The console output is showing a few samples count reports related to the processing performed on the datasets

  1. The first report relates to the unfiltered dataset, i.e., the monolithic parquet files obtained consolidating all JSON files but before applying any curation. At first glance, it looks like this dataset has a lot of flows.
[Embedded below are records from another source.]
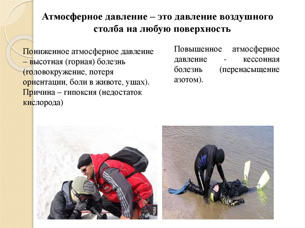 Атмосферное давление- давление воздушного столба на любуюповерхность. Норма- 760мм ртутного столба.
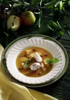 Arrange soup in deep plates. Sprinkle snow dumplings with cinnamon. Serve garnished with lemon balm.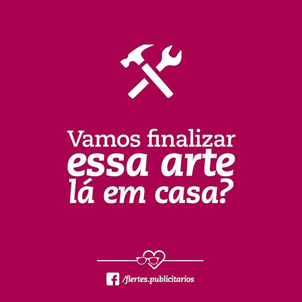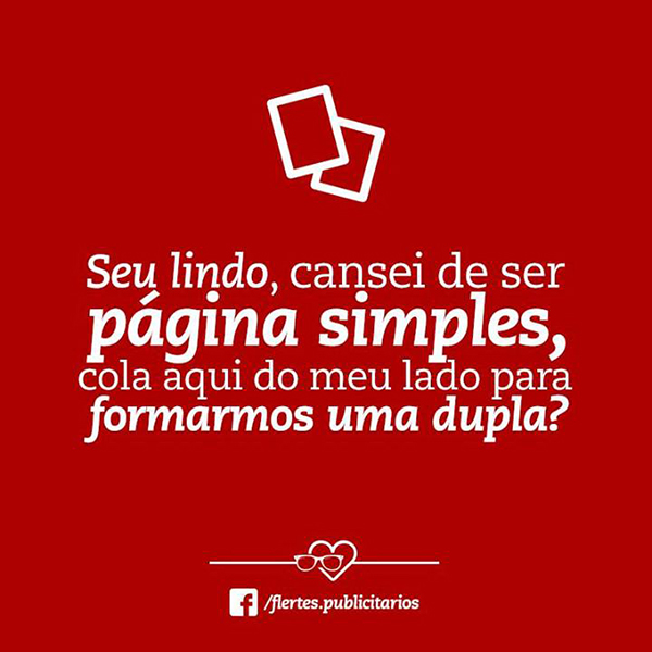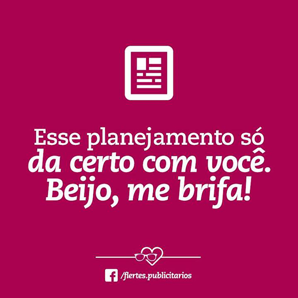 Seguindo esse mesmo caminho,seis amigas publicitárias criaram a fan page “Flertes Publicitários” que usam da linguagem de trabalho de profissionais da comunicação para criar trocadilhos divertidos.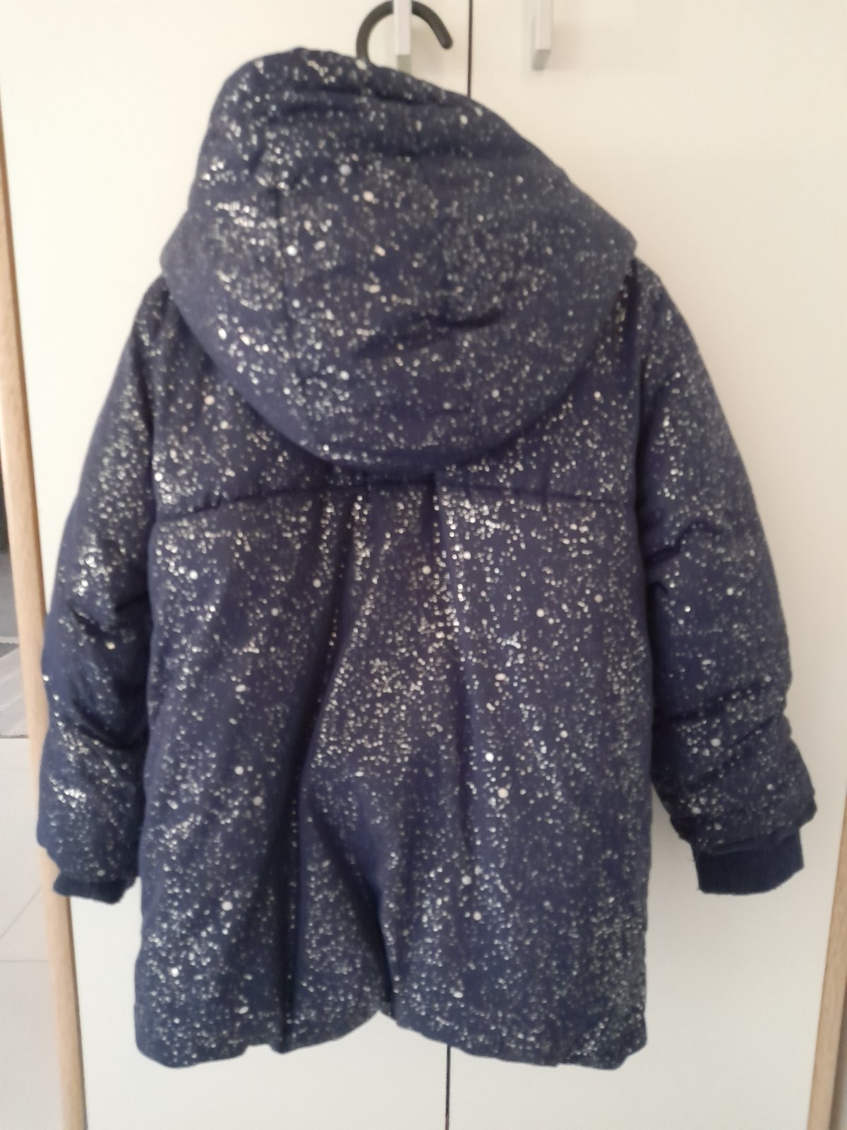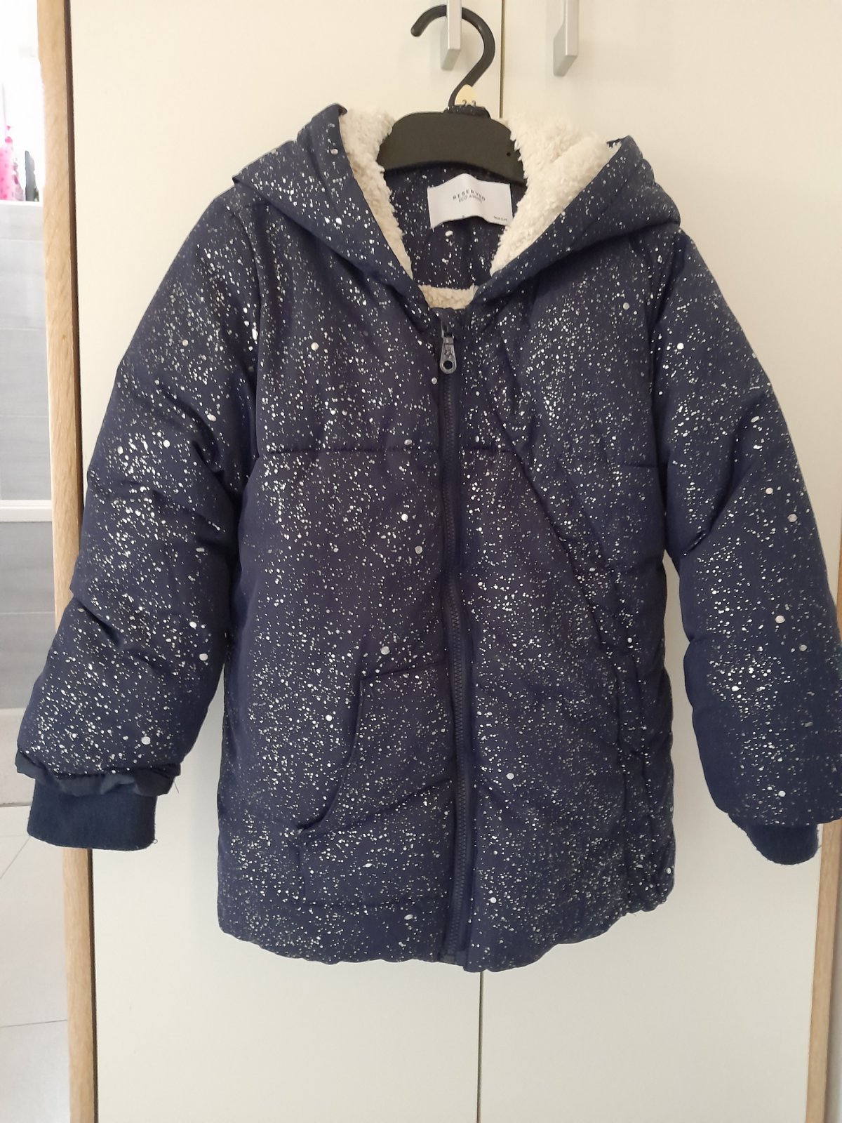 Nosena, bez poškodení, tmavomodrá so striebornými "fŕkancami" .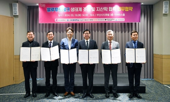부산시가 19일 부산시티호텔에서 국립부경대학교, 한국해양수산개발원, 한국식품연구원, 한국푸드테크협의회, 부산테크노파크와 '블루푸드테크 생태계 조성 및 지·산·학 협력체계 구축을 위한 업무협약'을 체결했다고 밝혔다.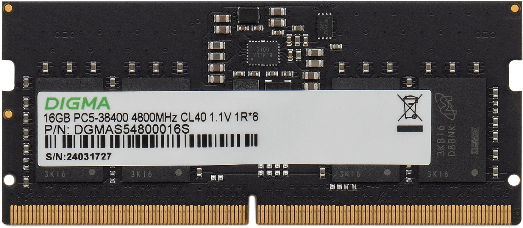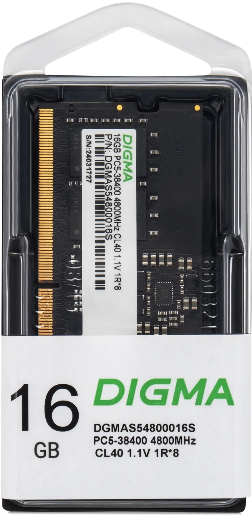 Память DDR5 16GB 4800MHz Digma DGMAS54800016S RTL PC5-38400 CL40 SO-DIMM 262-pin 1.1В single rank Ret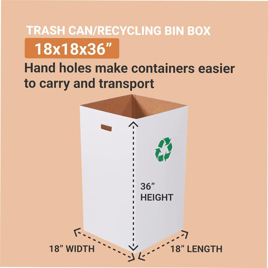 AVIDITI Cardboard Trash Cans and Recycling Bins, 50 Gallon 18"L x 18"W x 36"H (10-Pack) Reusable or Disposable Pop Up Garbage Boxes for Parties, Outdoor Events, Heavy Duty, Recycle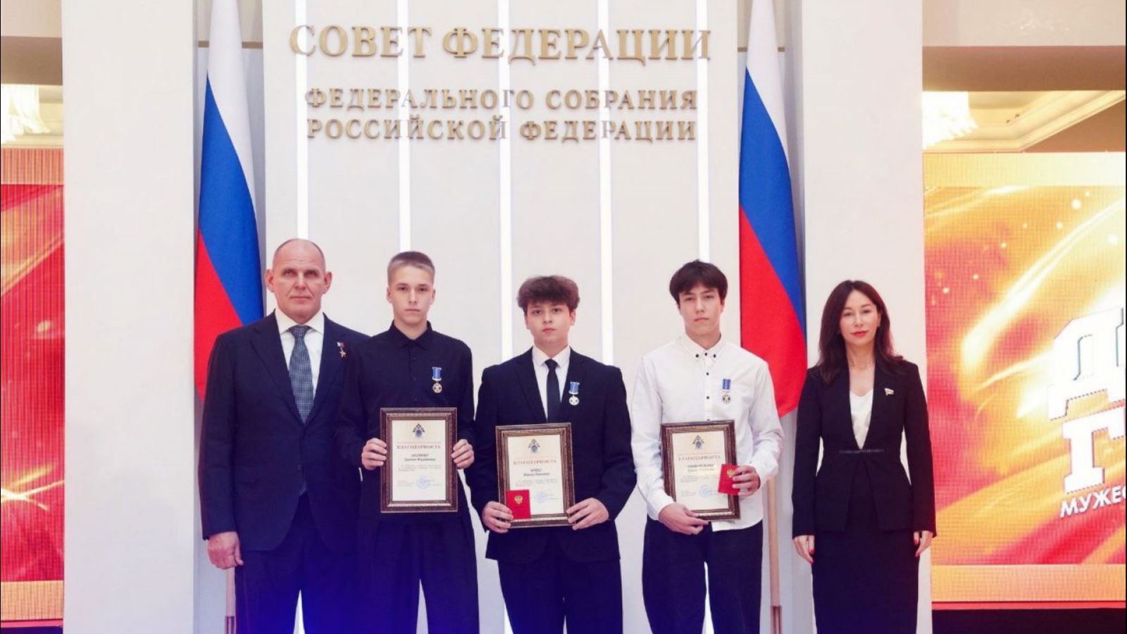 В Совете Федерации памятной медалью «За проявленное мужество» наградили Артёма Трибунского из Кандалакши, Евгения Захарова и Родиона Бойко из Никеля.

However, the following report shows the number of packets per flow and suggests that there are many flows which are very short.

  2. The second and third group of reports show similar information to the first group but relates to the filtering out of flows with less than 10 and 1,000 packets.

  3. The last report shows the number of train/validation/test samples by each application for the first split (the same counters are true for all splits) when focusing on flows with more than 1,000 packets.